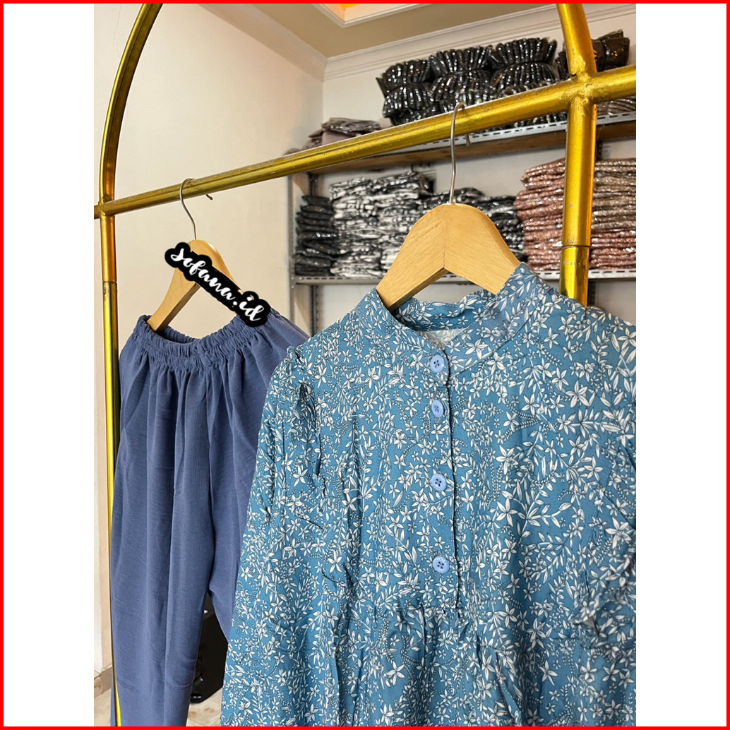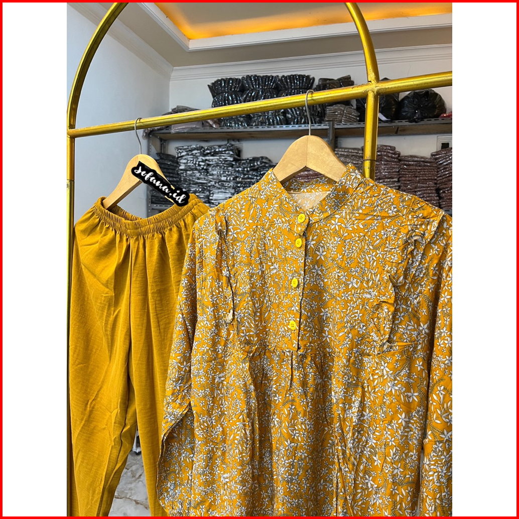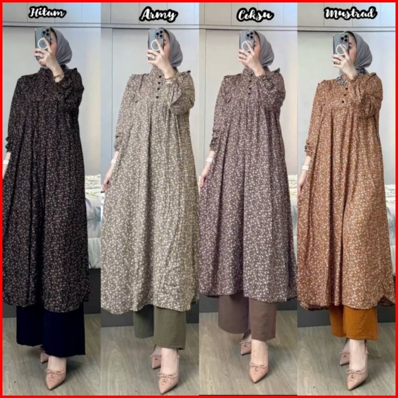 One Set Long Tunik Ayla Bunga Rayon Diamond Mix Crinkle Airflow Adem Terbaru
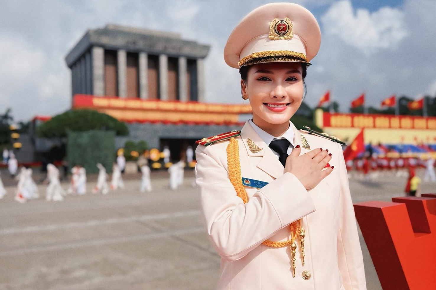 Bảo Thanh trong màu áo công an, Cục trưởng Xuân Bắc cười tươi giữa dàn nghệ sĩDiễn viên Bảo Thanh đẹp rạng ngời trong màu áo công an nhân dân. Ca sĩ Phương Thanh chụp ảnh lưu niệm bên Cục trưởng Xuân Bắc và các đồng nghiệp.
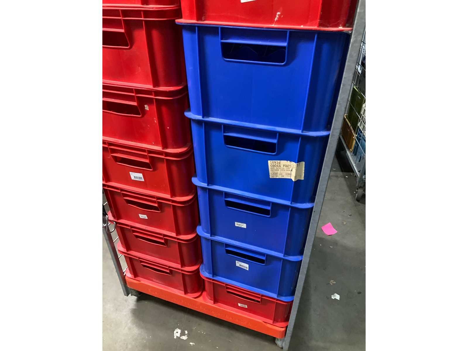 13x red (50 compartment) 75x 38 x 18 4x bleu (32 compartment) 75x 38 x 22 Excluded transportation car
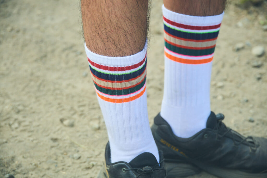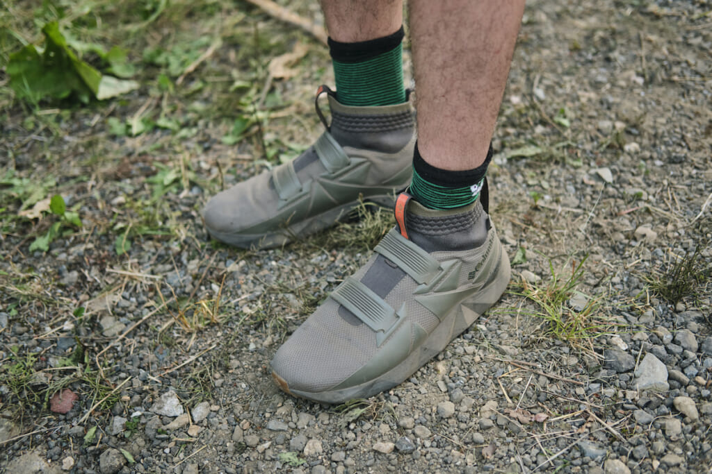 また、もう少しライトな履き心地を求めて、トレランシューズを愛用している人も多数。こちらもしっかりと足を包み込みグリップ力を発揮してくれるので、フジロックとの相性はバッチリ。ソックスとの合わせでオシャレを楽しむカッコはぜひ参考にしたい。
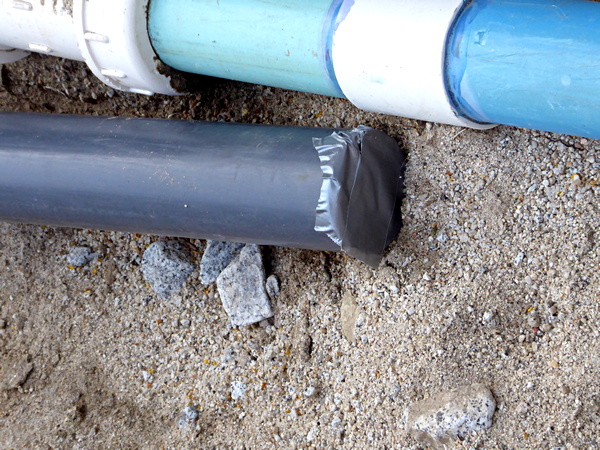 Close-up of one end of the new (gray) pipe. Each length of pipe was sanitized and carefully capped before being placed in the trench. |
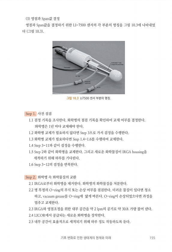기후 변화로 인한 생태계의 현재와 미래 155 3 영점과 Span값 결정 영점과 Span값을 결정하기 위한 LI-7500 센서의 각 부분의 명칭을 그림 10.3에 나타내었 다 그림 10.3 Step 1. 사전 점검 1.1 검정 기록을 조사한다. 화학병의 점검 기록을 확인하여 교체 여부를 결정한다. 화학병은 1년 마다 교체해야 한다. 1.2 화학병 교체가 필요하지 않다면 Step 3으로 가서 검정을 수행한다. 1.3 화학병 교체가 필요하다면 Step 1.4-1.6를 수행하여 교체한다. 1.4 Step 3-11과 같이 검정을 수행한다. 1.5 Step 2와 같이 화학병을 교체한다. 그리고 새로운 화학물질이 IRGA housing을 세척하기 위해 하루를 기다린다. 1.6 Step 3-12의 검정을 반복한다. St...
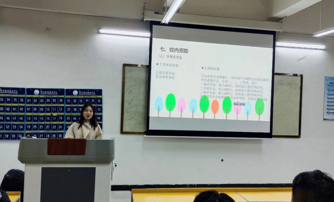 活动中,信息工程学院辅导员郑方园分类别向同学们解读宣传了国家励志奖学金、国家助学金、国家助学贷款、勤工助学、冬季补贴、学费减免等各项资助政策;接着,详细解读了各项资资助政策的申请条件、申请程序、注意事项、认定标准、评议制度等各方面事宜,全面宣讲在校学习期间国家及学校出台的各项资助政策及具体的申请、发放操作办法,确保家庭经济困难学生在校期间得到有效资助,解除家庭经济困难学生进入下一阶段学习的后顾之忧,确保每一个学生不因家庭经济困难而失学。
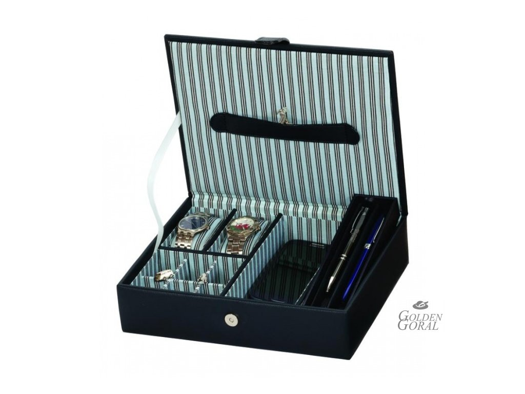 Pánsky organizér vyrobený z ekokože, modrej farby. Vhodný na bezpečné odloženie hodiniek, manžetových gombíkov a pod.

+ + +

*GOAL OF THE EXERCISE*. No picture is to be printed. Output exactly the lines above from the line containing "Close-up of one" through the line containing "기후 변화로 인한 생태계의".

*EXPECTED ANSWER*.
 Close-up of one end of the new (gray) pipe. Each length of pipe was sanitized and carefully capped before being placed in the trench. |
기후 변화로 인한 생태계의 현재와 미래 155 3 영점과 Span값 결정 영점과 Span값을 결정하기 위한 LI-7500 센서의 각 부분의 명칭을 그림 10.3에 나타내었 다 그림 10.3 Step 1. 사전 점검 1.1 검정 기록을 조사한다. 화학병의 점검 기록을 확인하여 교체 여부를 결정한다. 화학병은 1년 마다 교체해야 한다. 1.2 화학병 교체가 필요하지 않다면 Step 3으로 가서 검정을 수행한다. 1.3 화학병 교체가 필요하다면 Step 1.4-1.6를 수행하여 교체한다. 1.4 Step 3-11과 같이 검정을 수행한다. 1.5 Step 2와 같이 화학병을 교체한다. 그리고 새로운 화학물질이 IRGA housing을 세척하기 위해 하루를 기다린다. 1.6 Step 3-12의 검정을 반복한다. St...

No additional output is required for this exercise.